My main research interests are in the fields of Information Processing. Related topics include data mining, information retrieval, machine learning, pattern recognition... I'd like to help people get what they need more easily. Let the computer do more for us with less help from us, learn from experience, adapt effortlessly, and discover new knowledge. We need computers that reduce the information overload by extracting the important patterns from masses of data. And we need computer understand what we need. This poses many deep and fascinating scientific problems: How can a computer decide autonomously which representation is best for target knowledge? How can it tell genuine regularities from chance occurrences? How can pre-existing knowledge be exploited? How can learned results be made understandable by us?
My research addresses these and related questions. Research topics that I'm working on, or have recently worked on, include:
- Learning on Graph (Manifold)
A very natural assumption in machine learning is the local consistency assumption,
i.e., the neighboring points share the similar properties. The neighborhood structure of the data can be easily modeled using a graph.
With this assumption, we have been developing many local (graph) awareness algorithms for unsupervised and semi-supervised learning.
Learning with Local Consistency
- Mining the Web
- VIsion-based Page Segmentation (VIPS)
In contrast to traditional document retrieval, a web page as a whole is not a good information unit to search because it often contains multiple topics and a lot of irrelevant information from navigation, decoration, and interaction part of the page. I am working on a fundamental problem that how to extract the semantic structure of a web page based on its visual perception.

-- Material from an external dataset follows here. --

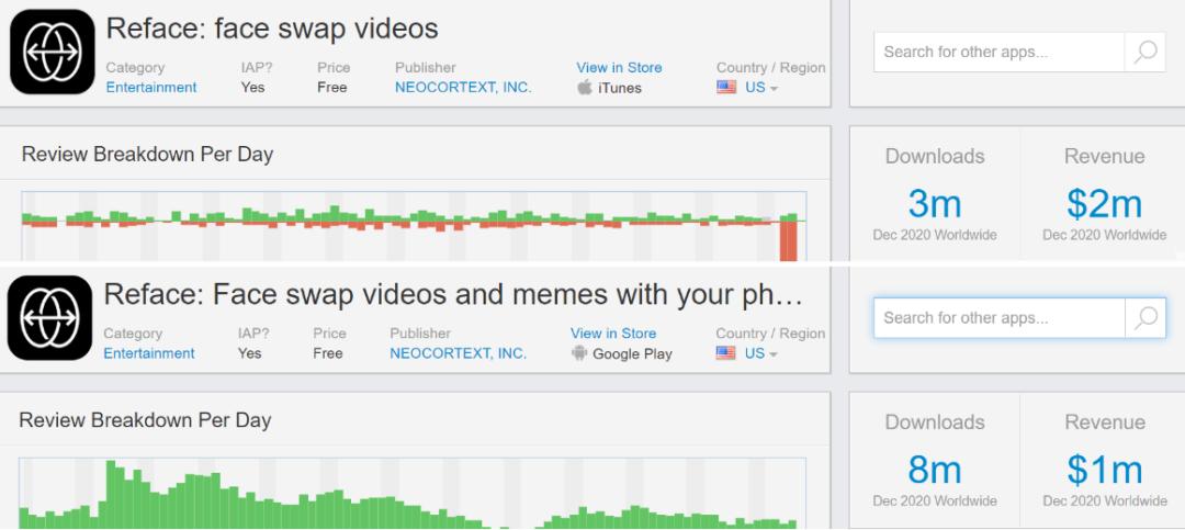五个月的时间过去了,与很多产品的路径相反,REFACE 不仅没有在榜单上“周游”(详见《出海图片 App 跟风打入美国免费总榜一周游,带给我们的 3 点启示》),相反,在下载量和收入上还依然保持着很高的水平。Sensor Tower 的数据显示,2020 年 12 月 REFACE iOS+Android 端的收入在 300 万美元左右,下载量达到 1100 万。

- Block Level Link Analysis
By extracting the page-to-block, block-to-page relationships from link structure and page layout analysis, we can construct a semantic graph over the WWW such that each node exactly represents a single semantic topic. We further developed two ranking algorithms, block level PageRank and block level HITS.
- Web Image Searching and Clustering
With VIsion-based Page Segmentation, a web page can be partitioned into blocks, each containing semantically coherent information, and the textual and link information of an image can be accurately extracted within each image block.
The textual information is used for image representation.
A large image graph can obtained from block-level link analysis. This method is less sensitive to noisy links than previous method like PicASHOW, and hence the image graph can to some extent reflect the semantic relationship between images. By spectral techniques, the obtained image graph can be partitioned into clusters which are used to enhance the search results.